In 1988, Larson, representing himself pro se, filed suit against the following parties: Bob Hunt, Donald Flintoft (Larson's first appointed attorney), Lorraine Parker and Joseph C. Magliolo, Jr. (Harris County Assistant District Attorneys), Ray Hardy (a former Harris County District Clerk), the Honorable Ted Poe (the trial judge who issued the search warrant in Larson's criminal proceedings), "the court reporter for [Larson's] hearings," and "unknown officers" of the Houston Police Department who arrested Larson and executed the search warrant for Larson's house.

Larson alleged the defendants had maliciously prosecuted him. Parker and Magliolo moved for summary judgment which was granted.

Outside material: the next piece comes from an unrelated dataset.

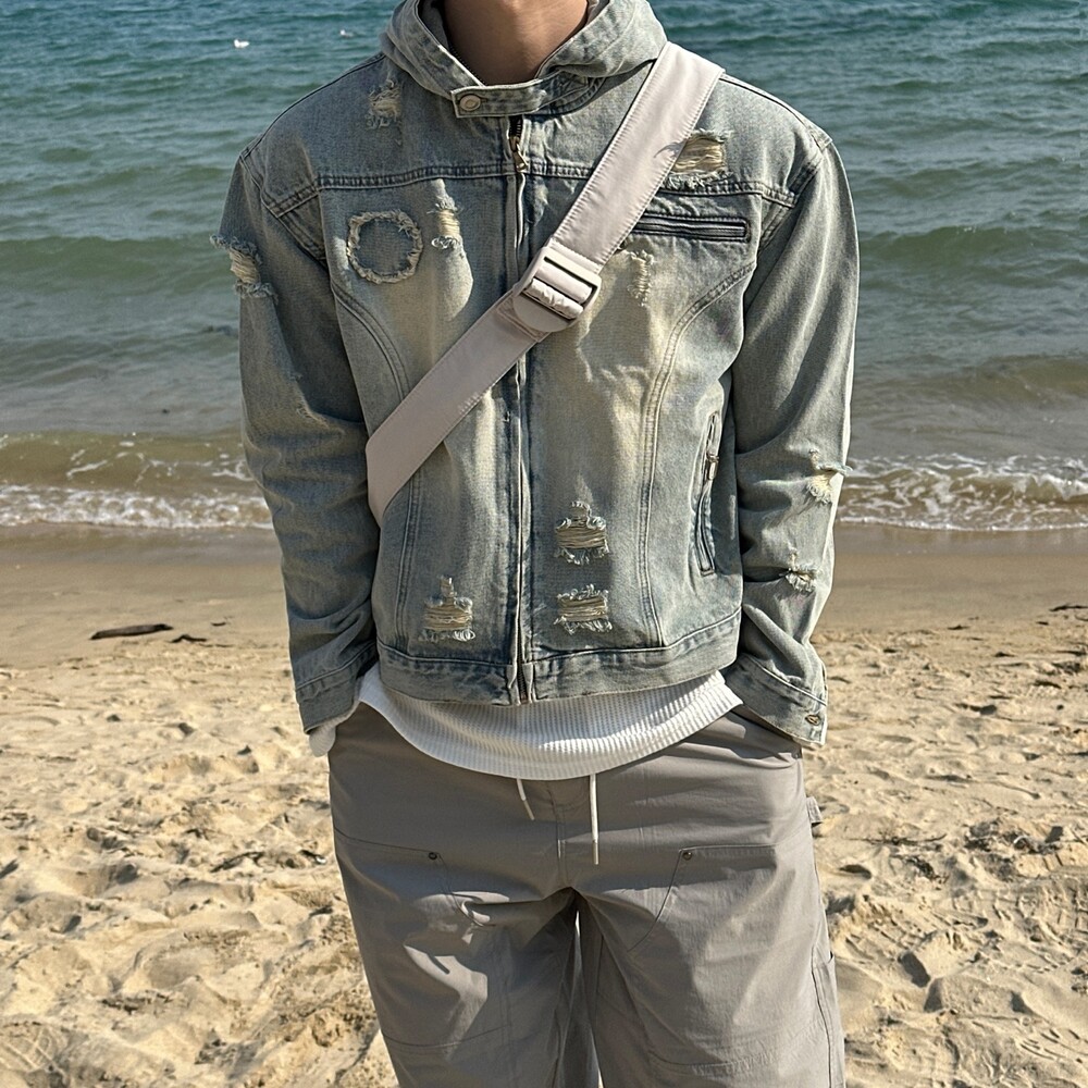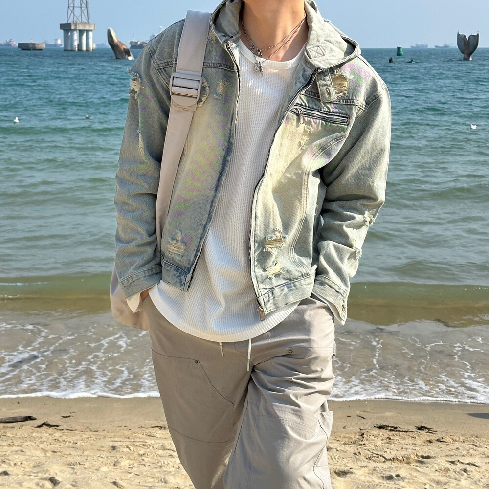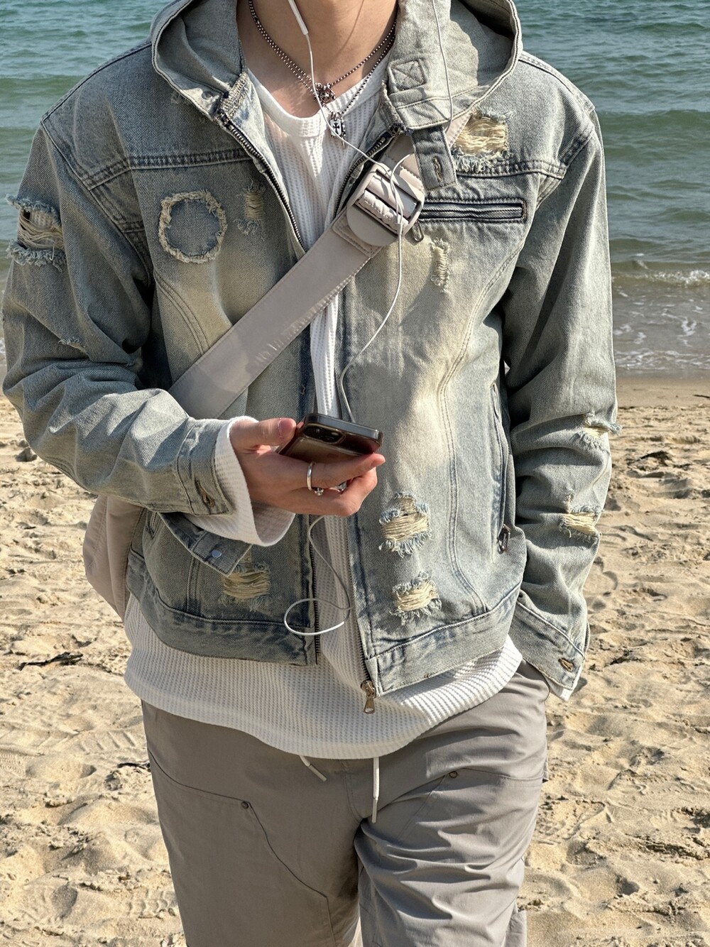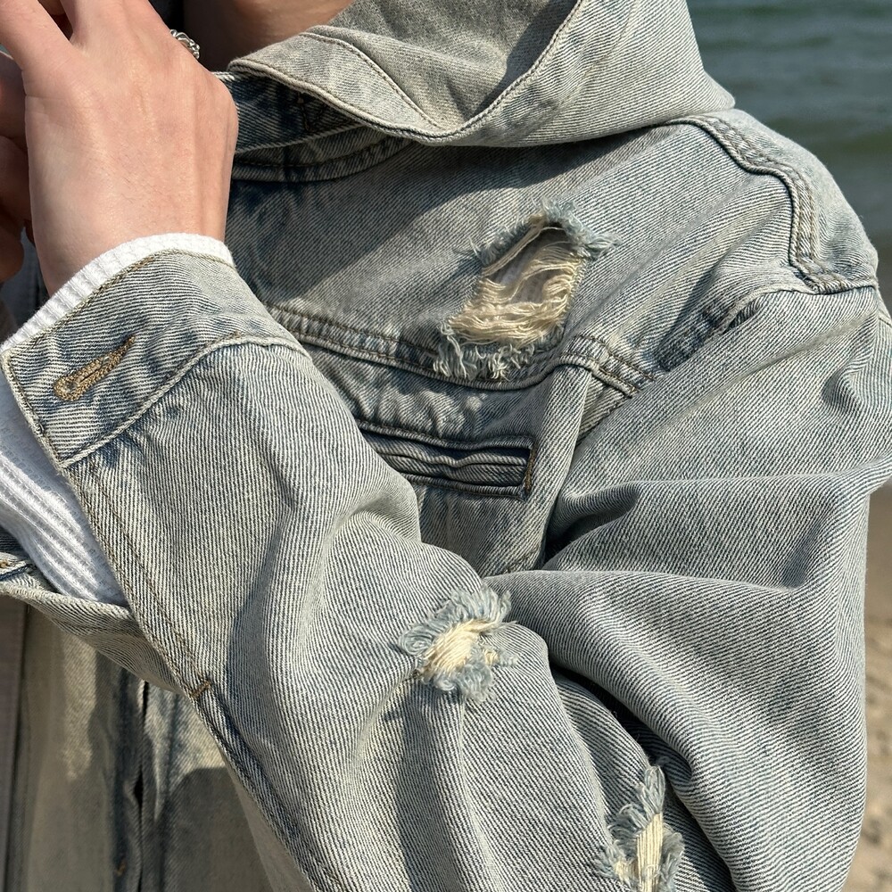 후드를 정말 좋아하는데 데님 후드에 빈티지한 크랙 데미지까지

Larson filed and amended petition, alleging Hunt and Flintoft, his court-appointed attorneys, were negligent in their representation of him. He also alleged all of the remaining defendants violated his federal and state constitutional rights. Larson specifically alleged the following: (1) his rights under Eighth Amendment (2) of the United States Constitution and article 1, section 13 of the Texas Constitution (3) were violated when Houston Police officers verbally and physically abused him and he was held under excessive bail; (2) he was denied his right to a speedy trial; (3) Hunt and Magliolo attempted to coerce Larson into making self-incriminating statements instead of asserting his rights under the Fifth Amendment (4) of the United States Constitution and article I, section 10 of the Texas Constitution; and (4) the court reporter and the court clerk falsified records of Larson's criminal proceedings.

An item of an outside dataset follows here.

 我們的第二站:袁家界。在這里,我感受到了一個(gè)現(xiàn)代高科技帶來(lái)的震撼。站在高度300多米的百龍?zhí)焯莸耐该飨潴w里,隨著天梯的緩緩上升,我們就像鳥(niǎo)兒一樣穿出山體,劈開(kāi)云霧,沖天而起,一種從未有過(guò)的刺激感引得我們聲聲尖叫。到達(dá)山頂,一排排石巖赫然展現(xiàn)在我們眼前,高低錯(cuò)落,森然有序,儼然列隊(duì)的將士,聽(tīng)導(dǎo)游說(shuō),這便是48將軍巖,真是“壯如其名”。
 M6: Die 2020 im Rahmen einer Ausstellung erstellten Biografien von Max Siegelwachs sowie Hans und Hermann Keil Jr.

Judge Poe and Hardy moved for summary judgment, and the trial court granted their motions. At trial, only Larson's remaining claims against Hunt were tried. After all of the evidence was heard, Hunt moved for a directed verdict, and the trial court granted Hunt's motion.

Motion to Abate

Larson requests that we abate this appeal because he is appealing the dismissal of his petition for writ of habeas corpus to the Fifth Circuit Court of Appeals. See 28 U.S.C.S. § 2254 (Law. Co-op. 1992 & Supp. 2001). He argues that if he prevails on his claims, his convictions will be overturned, and any legal bar to his claims for legal malpractice claims will no longer exist. Larson provides no authority requiring an abatement, and we know of none. (5) We decline to abate his appeal on these grounds.

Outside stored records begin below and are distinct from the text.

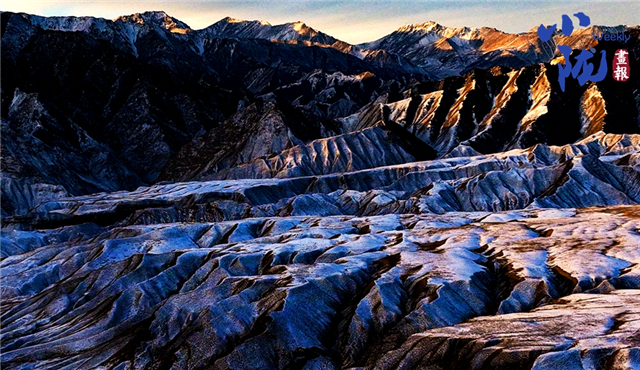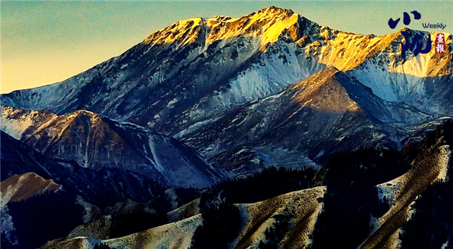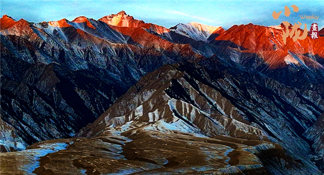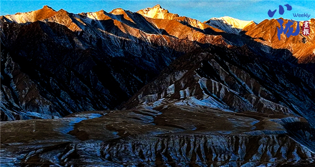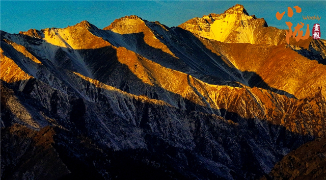 连绵雪峰沐于金晖之中,起伏的山脊与深邃的沟壑同辽远天宇温柔交融,光影与色彩交织,宛如天地合笔绘就的斑斓画卷。
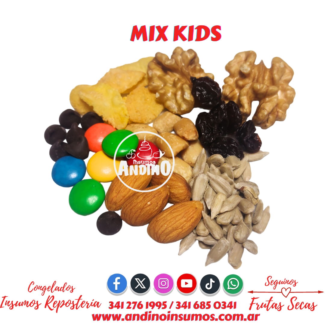 Mix kids: rocklets, copos de maíz, semillas de girasol, chips de chocolate, pasas morenas, nueces mariposa extralight y almendras non pareil
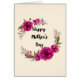 Een gelukkig wenskaart van het Moederdag met uw gepersonaliseerde bericht binnen. Ontworpen met fuchsia roze poppies en decoratieve sprigs en bladeren in een ronde, bloesachtige mond. Gelukkig Moederdag, geschreven in een schattig trendy lettertype. en elegant.
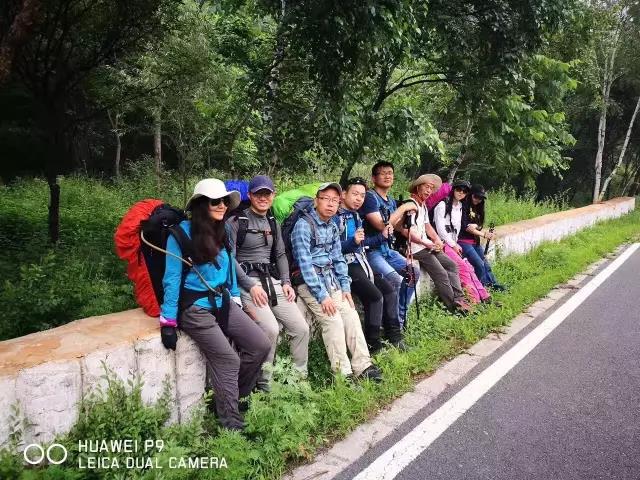 下山回程,A队人数扩大了,左2是南驴领队松鼠师兄,左3是西财领队望风师兄。
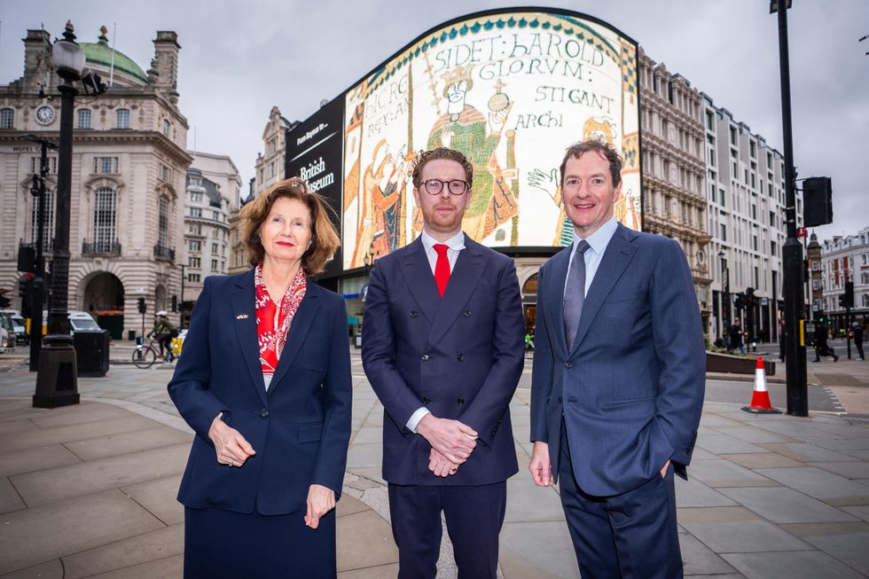 French Ambassador Helene Duchene, Director of the British Museum, Dr Nicholas Cullinan and Chair of Trustees at the British Museum, George Osborne launched the campaign
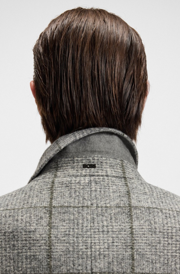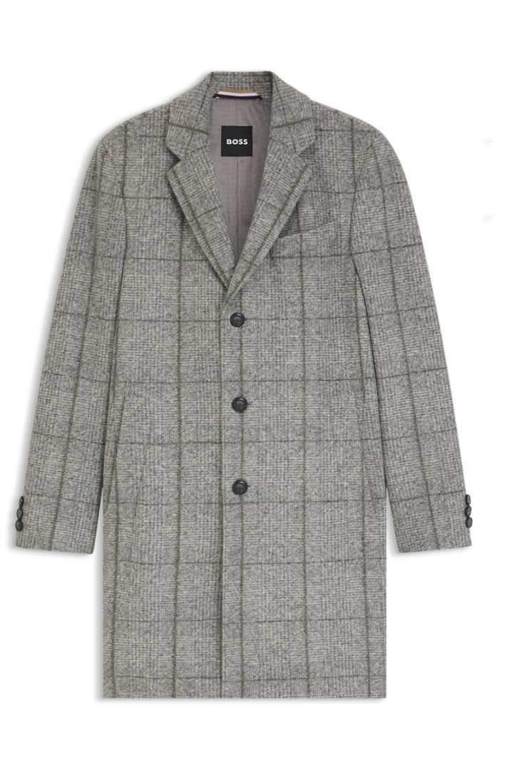 Crafted from a wool blend with two-way stretch, this slim-fit BOSS Menswear coat is a classic layering piece. It features a versatile check pattern. Slim fit. Peak lapels. Number of buttons: 3. Welt chest pockets. Top pockets: Side pockets. Buttoned cuffs. Back vent. Fully lined.

Larson also argues we should abate his appeal until the record can be supplemented with the records of the underlying criminal cases, all post-conviction proceedings related to the underlying offenses, and "Larson's attempt to get the [trial] court to issue a scire facias once [he] learned of [Flintoft's] death." In this Court's Order of August 9, 2001, we ordered this case to be heard and Larson's objections to the record be taken with the case. We will consider the necessity of supplementation in addressing Larson's points of error.

Directed Verdict

In his first point of error, Larson argues the trial court abused its discretion in granting a directed verdict for Hunt because, although Larson could not recover on his claims of malicious prosecution, he presented evidence of negligence and civil rights violations at trial.

A court may instruct a verdict if no evidence of probative force raises a fact issue on the material questions in the suit. Prudential Ins. Co. of Am. v. Fin. Review Servs., Inc., 29 S.W.3d 74, 77 (Tex. 2000). A directed verdict for a defendant may be proper in two situations. Id. First, a court may direct a verdict when a plaintiff fails to present evidence raising a fact issue essential to the plaintiff's right of recovery. Id.